Suppose we have a stick of unit length. First, we draw \(\beta_1\sim\text{Beta}(1,\alpha)\), and break off this proportion of the stick. At the second time step, we take the remaining piece, draw \(\beta_2\sim\text{Beta}(1,\alpha)\), and break off this proportion. Continuing this process, we let \(w_k\) denote the length of the amount of the stick broken off at time \(k\). Then \[w_k = \beta_k\prod_{i=1}^{k-1}\left(1-\beta_i\right)\,.\] Through our observations about the Blackwell-MacQueen urn scheme earlier, we see that the stochastic process given by the sequence of weights \(\{w_n:n\in\mathbb{N}\}\) follows the GEM distribution with parameter \(\alpha\). As \(\alpha\) grows larger, the distribution \(\text{Beta}(1,\alpha)\) favors lower values, which favors a lower, more spread out set of weights, corresponding to a stick broken into more relatively even pieces. This is exactly analogous to how larger \(\alpha\) favors the addition of new colors of balls in the Blackwell-MacQueen urn scheme.

Another very related process is the *restaurant seating process*. Suppose a restaurant exists with an unlimited quantity of tables. The first customer sits at a table, and each subsequent customer chooses to sit at either an already populated table or a new table, favoring tables in proportion to the amount of people already there. The restaurant seating process is mathematically defined as a stochastic process \(\{X_n:n\in\mathbb{N}\}\) with realizations in the space of partitions of \(\{1,\ldots,n\}\). \(X_1\) is set to \(\{1\}\), the trivial partition of a one element space.

We define \(X_n\) to be the partition \(E_1,\ldots,E_k\) of \(\{1,\ldots,n\}\), with \(k\leq n\). The subsequent realization \(X_{n+1}\) is obtained by adding \(n+1\) to one of \(E_1,\ldots, E_{k+1}\) with probabilities given by \[P(n+1 \in E_j) =
\begin{cases}
\frac{|E_j|}{n+1} \quad j=1,\ldots,k\\
\frac{1}{n+1} \quad j=k+1
\end{cases}\] where \(E_{k+1}\) is a new block of the partition. We can slightly generalize this process by adding the *scaling parameter* \(\alpha\). In this case, we assign customers to tables with probabilities \[P(n+1 \in E_j) =
\begin{cases}
\frac{|E_j|}{n+\alpha} \quad j=1,\ldots,k\\
\frac{\alpha}{n+\alpha} \quad j=k+1
\end{cases}\] with the condition \(\alpha\geq 0\) such that probabilities are always nonnegative. The scaling parameter \(\alpha\) represents the new customer’s affinity towards joining a new table, with \(\alpha=0\) being the case where all customers will sit at the same table. There exists a further two parameter generalization including an additional parameter \(\beta\), but we will discuss the one-parameter model, equivalent to the case where \(\beta=0\), due to its closer connection with the Dirichlet process.

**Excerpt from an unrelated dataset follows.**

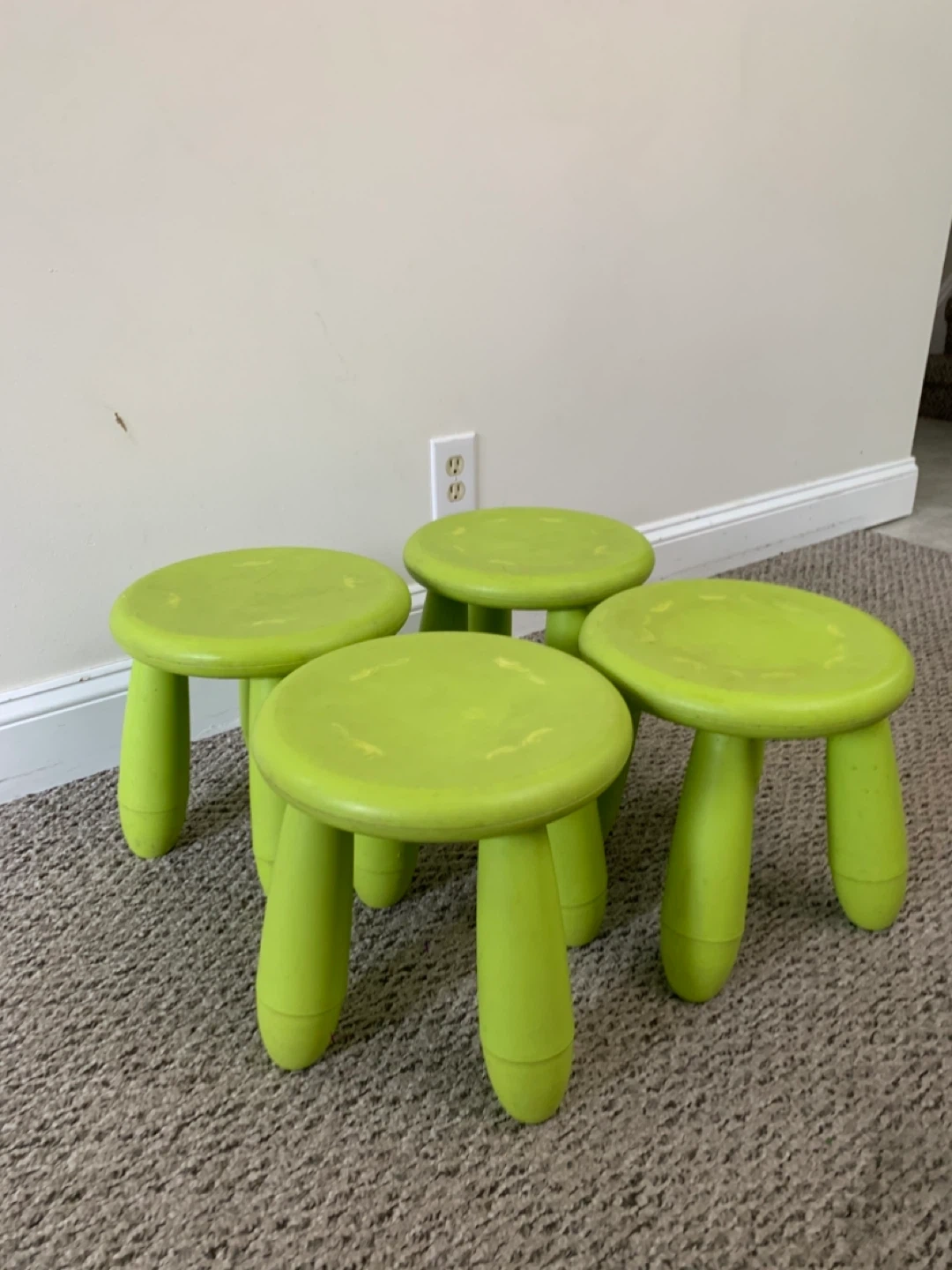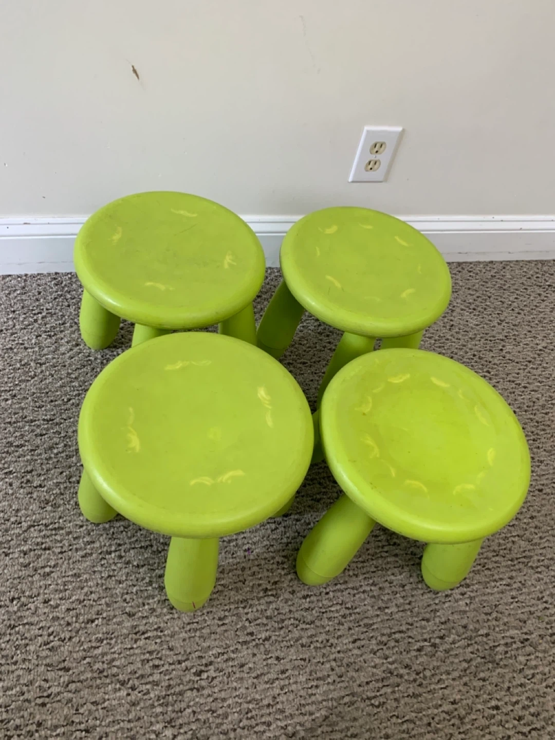 These are four green IKEA children's stools. They're made of plastic and are great for little ones to sit on or use as a step. They're super handy for kids' rooms or play areas!

It is straightforward to see that this process is fundamentally identical to the Blackwell-MacQueen urn scheme, with customers replaced by balls and tables replaced by colors. Indeed, the limiting proportions of customers at each table follows the GEM distribution with parameter \(\alpha\).

Another interesting question is to know the distribution on the number of tables after \(n\) customers have entered the restaurant (equivalently, the number of colors in the Blackwell-MacQueen urn after \(n\) draws).

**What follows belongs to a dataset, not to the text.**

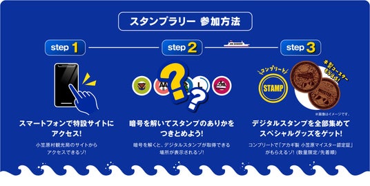 特設サイトにアクセスしていただき、小笠原にまつわる暗号を解いて地図を入手したのち、都内4箇所に設置された秘密の場所にあるポスターのQRコードを読み取ることで、デジタルスタンプを取得。デジタルスタンプを全部集めると「小笠原マイスター認定証」のプレゼントに応募することができます。
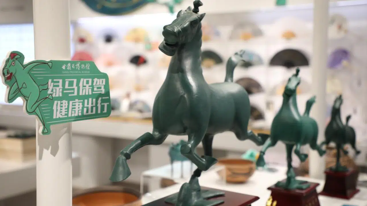 28 Haziran 2022’de, Gansu Müzesi’nin kültürel yaratıcılık dükkanında satılan bronzdan at desenli ürünler.

The expected number of tables after \(n\) customers have entered the restaurant is approximately given by \[\alpha\log\left(1+\frac{n}{\alpha}\right)\,.\] for large \(\alpha\) and large \(n\).

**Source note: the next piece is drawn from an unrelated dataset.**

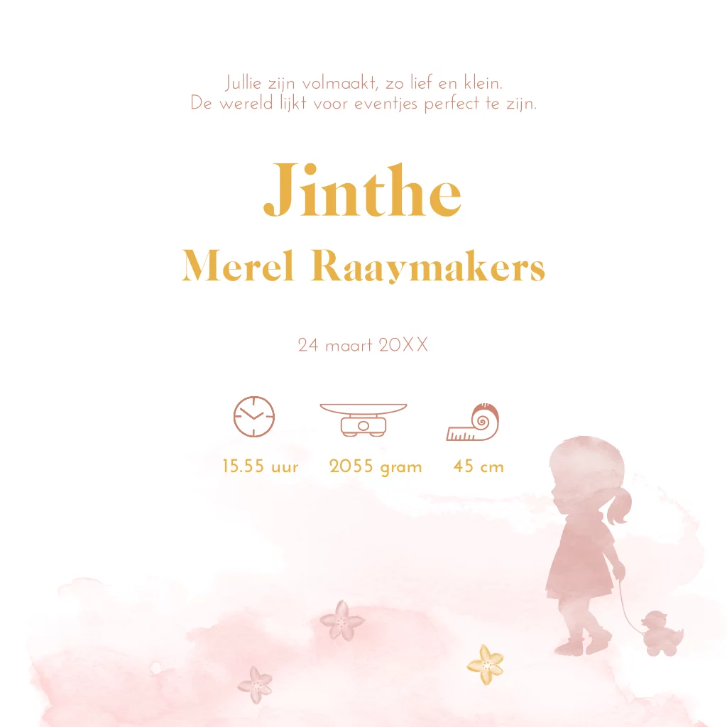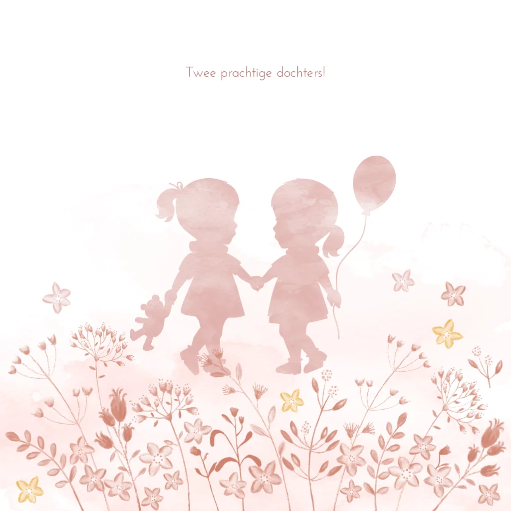 Lief geboortekaartje voor een meisjes tweeling. Het kaartje heeft verschillende roze watercolour elementjes. Je ziet daarnaast twee lieve silhouetjes twee meisjes met handgetekende bloemetjes. Het kaartje heeft verder kleine goudfolie elementjes.

*Proof.* For each customer, regardless of what has happened previously, the probability of starting a new table is given by \(\frac{\alpha}{N+\alpha}\) where \(N\) is the number of customers who have previously entered. Thus, at time \(k\), it is given by \(\frac{\alpha}{k-1+\alpha}\). Note that this is independent of any previous observations. Therefore, letting \(T_n\) denote the number of tables at time \(n\), we have \[\begin{aligned}
E[T_n] &= \sum_{k=1}^n \frac{\alpha}{k-1+\alpha} \\
&= \alpha \sum_{k=0}^{n-1} \frac{1}{k+\alpha} \\
&= \alpha \left(\psi(\alpha+n)-\psi(\alpha)\right) \\
&\approx \alpha(\log(\alpha+n)-\log(\alpha)) \\
&\approx \alpha\log\left(1+\frac{n}{\alpha}\right)\end{aligned}\] where \(\psi\) is the digamma function

Finally, we are ready to use our knowledge of the Blackwell-MacQueen urn scheme and its related representations to define the Dirichlet process.

Let \(H\) be a probability measure over a sample space \(\Omega\) and \(\alpha\in\mathbb{R}\) with \(\alpha>0\). Let \(X\) be a random probability measure on \(\Omega\). If for every finite measurable partition \(E_1,\ldots, E_n\) of \(\Omega\) we have \[\big(X(E_1),\ldots,X(E_n)\big)\sim \text{Dirichlet}\big(\alpha\,H(E_1),\ldots,\alpha\,H(E_n)\big)\] then \(X\) follows a Dirichlet process with *base measure* \(H\) and *concentration parameter* \(\alpha\), denoted \(X\sim \text{DP}(H,\alpha)\).

In this sense, the defining property of the Dirichlet process is that its marginal distributions are Dirichlet distributed. However, while this explicitly defines a Dirichlet process, it does not tell us what it actually is, or even if it exists.

Historically, the existence of the Dirichlet process was first shown by Ferguson

We can construct the Dirichlet process from the stick-breaking process by associating a draw from some underlying distribution \(H\) on a sample space \(\Omega\) with each component of the stick-breaking distribution. Precisely, we can view a realization from the Dirichlet process as a sum of infinitely many weighted point masses.

Considering two infinite dimensional vectors of weights \(\{w_n:n\in\mathbb{N},\sum_{n=1}^\infty w_n=1\}\sim \text{GEM}(\alpha)\) and locations \(\{x_n:n\in\mathbb{N}\}\overset{iid}{\sim}H\), the random measure \[\mu:=\sum_{i=1}^\infty w_i\delta_{x_i}\,.\] follows a Dirichlet process with base measure \(H\) and concentration parameter \(\alpha\).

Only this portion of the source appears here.